Bugüne kadar Avukatlık Kanunu üzerinde yapılacak değişikle ilgili ne TBB ne de Barolar ile bir bilgi paylaşılmıştır. Basına yansıyan bilgilere göre çoklu baro sistemi yargı camiamıza çok zarar verecektir. Bilindiği üzere Türkiye Cumhuriyeti üniter bir devlettir. Kuvvetler ayrılığı ilkesinin yargı kısmının üç kurucu unsurundan biri savunma makamı olup savunmanın örgütlendiği yer barolardır. Nasıl ki tek vatan, tek millet, tek bayrak ise tek baro da olmalıdır. Nasıl ki çoklu mahkeme, çoklu savcılık, çoklu Yargıtay, çoklu Anayasa Mahkemesi olamaz ise çoklu baro da olmamalıdır. Aksi taktirde siyasi düşüncesine, etnik kimliğine ve mezhebine göre baroların kurulması söz konusu olacaktır. Bu durum da ülkemizin üniter yapısına aykırı birçok oluşumların önünü açacaktır. Yine çoklu baro olması halinde yargıçların ve savcıların iradeleri de etkilenmiş olacaktır. Birçok yargıç veya savcı, avukatın bağlı olduğu baroya göre karar vermesi halinde bu durumdan en çok yargı camiası zarar görecektir. Ekonomik olarak zor durumda olan halkımıza ücretsiz hukuki yardım sağlayan Adli Yardım, CMK sistemleri bozulacaktır.

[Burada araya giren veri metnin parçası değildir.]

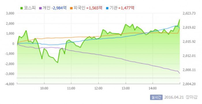 이날 코스피는 전일 대비 0.44% 상승한 2014.60으로 장을 시작했다. 이후 지수는 2010선 부근에서 등락을 반복했다. 그러나 장 후반 외국인·기관이 동반 매수에 나서자 상승폭을 확대하며 2020선을 넘어섰다.

Yönetimlerde ve delege seçimlerinde nisbi temsil uygulamasını da kabul etmek mümkün değildir. Nisbi temsil uygulandığı taktirde baro yönetimlerinde yönetim zafiyeti oluşacağı gibi temsilde adalet düşüncesi de büyük yara alacaktır.

Bir devletin demokratik niteliğinin göstergesi hukuk devleti ve evrensel hukuk ilkelerinin tüm kurumlan ile işler halde olmasından geçer. Hukuk devleti ancak güçlü, bağımsız ve tarafsız bir yargı erkinin varlığı ile hayat bulur. O nedenle; Cumhuriyetin kuruluş felsefesine, Anayasanın 135. Maddesine aykırılık teşkil eden bu tasarı aynı zamanda Cumhuriyetimizin köklü kuruluşlarından biri olan baroların da demokratik yapısını bozacak, baroları işlevsizleştirilecektir. Eğer bu düzenleme geçer ve barolara tanınan Avukatlık Kanunu 76. ve 95. Maddelerinde yer alan hukukun üstünlüğünü ve insan haklarını savunmak ve korumak maddeleri kaldırılırsa; kadına yönelik şiddette, çocuğun cinsel istismarında, adil yargılanma hakkında, İstanbul Sözleşmesinin uygulanmasında, işkence ve kötü muameleye karşı mücadelede, demokratik ve laik düzeni savunmada, doğanın talan edilmesine karşı açılacak çevre davaları ve buna benzer birçok davada halkımız savunmasız kalacaktır. Getirilmek istenen tasarı avukatların sesini kesme tasarısıdır. Unutmayalım ki "Avukatların sesi kesilirse, yurttaşların nefesi kesilir."